**Work request**
As an exercise in exact copying, transcribe the lines below from the one holding "1.【Joekaran's Details】 No" through the last, with both ends included and pictures left out.

── Records shown ──

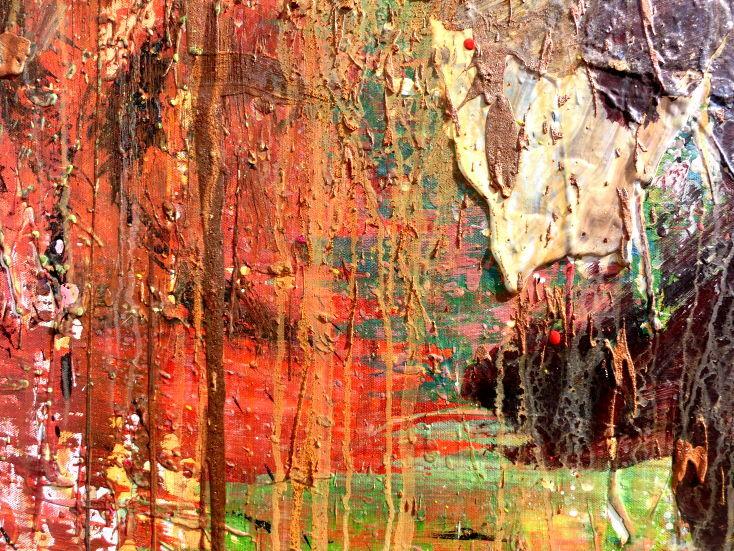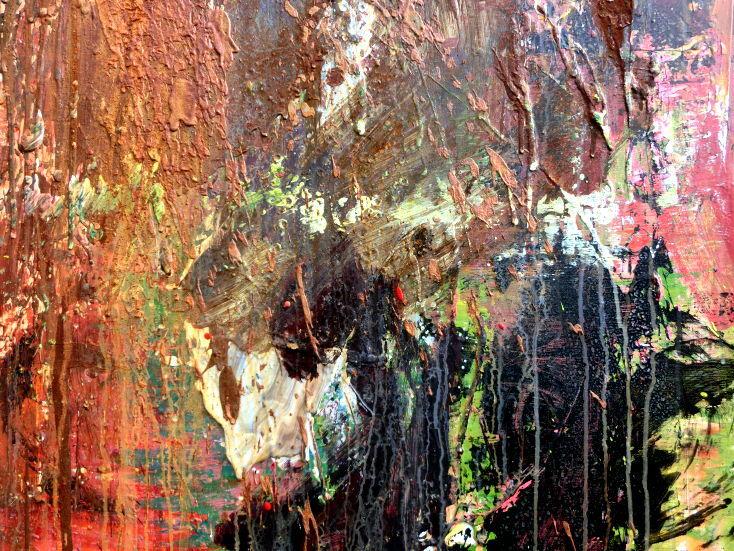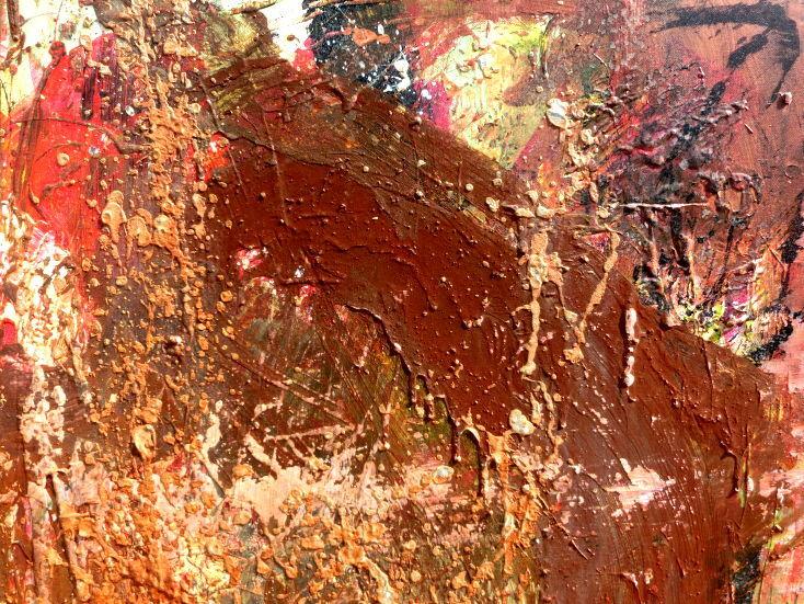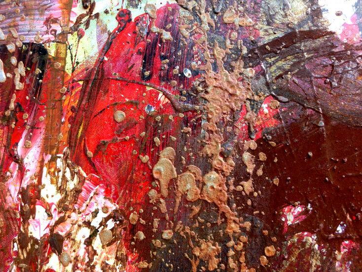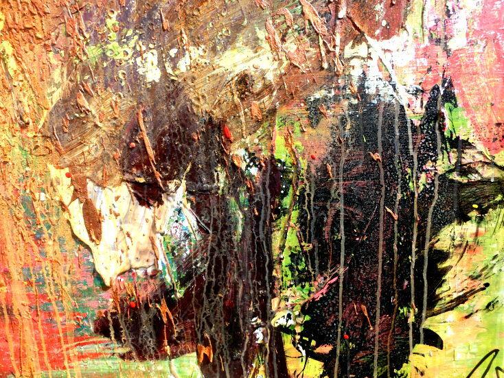 Dieses Werk ist wie alle meine Bilder: spontan entstanden, ganz intuitiv und ohne festes Konzept, und spiegelt oft meine momentane Stimmung wider wie auf der Leinwand festgehalten wurde.
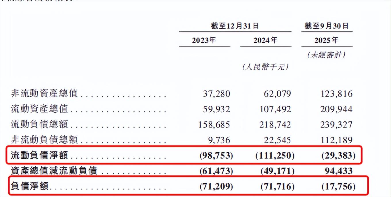 招股书显示,2023年、2024年及2025年前三季度,桑尼森迪分别录得负债净额7120.9万元、7171.6万元及1775.6万元;流动负债净额分别为9875.3万元、1.11亿元及2938.3万元。资金链,仍然偏紧。
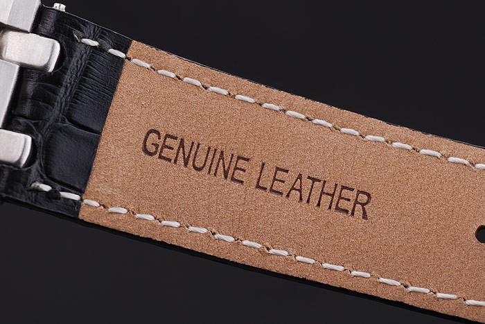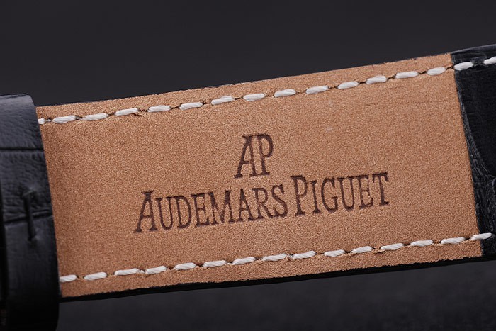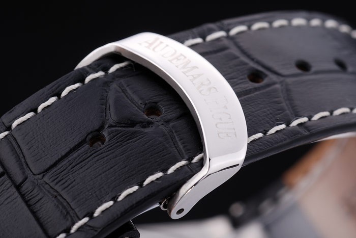 Rannekoru: Musta krokotiili nahkaranneke valkoinen juova tikkaukset & lämmön kohokuvioitu Audemars Piguet nimi & logo sekä Audemars Piguet kaiverrettu ruostumatonta terästä flip-over koukku Lukko
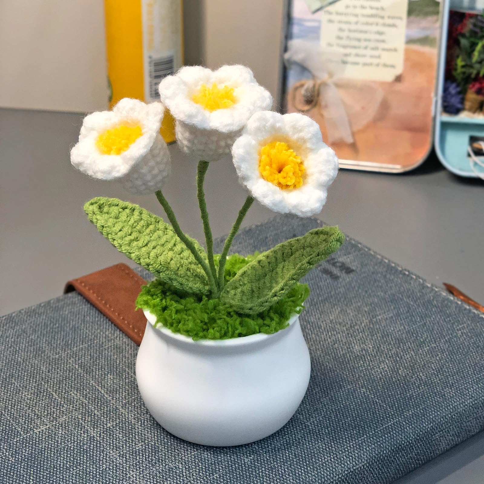 1.【Joekaran's Details】 No exposed wires in flower cores & stems; Realistic crochet grass in pots; Request returns if not as described.
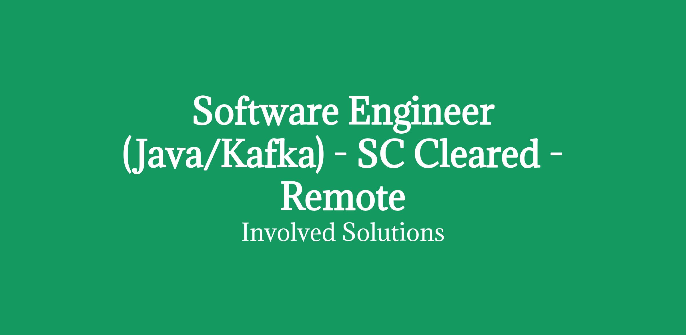 Software Engineer (Java/Kafka) - SC Cleared - RemoteRate: £550 per dayDuration: 6 months extendableLocation: Remote - Occasional travel to LondonIR35: InsideThe role:A leading Central Government Institution are seeking an experienced Software Engineer (Java/Kafka), to join a high-profile project. This is an initial 6-month contract, Inside IR35 and requiring active SC Clearance.Skills / Experience Requirements:

───

**Result of this task**
 1.【Joekaran's Details】 No exposed wires in flower cores & stems; Realistic crochet grass in pots; Request returns if not as described.
 Software Engineer (Java/Kafka) - SC Cleared - RemoteRate: £550 per dayDuration: 6 months extendableLocation: Remote - Occasional travel to LondonIR35: InsideThe role:A leading Central Government Institution are seeking an experienced Software Engineer (Java/Kafka), to join a high-profile project. This is an initial 6-month contract, Inside IR35 and requiring active SC Clearance.Skills / Experience Requirements:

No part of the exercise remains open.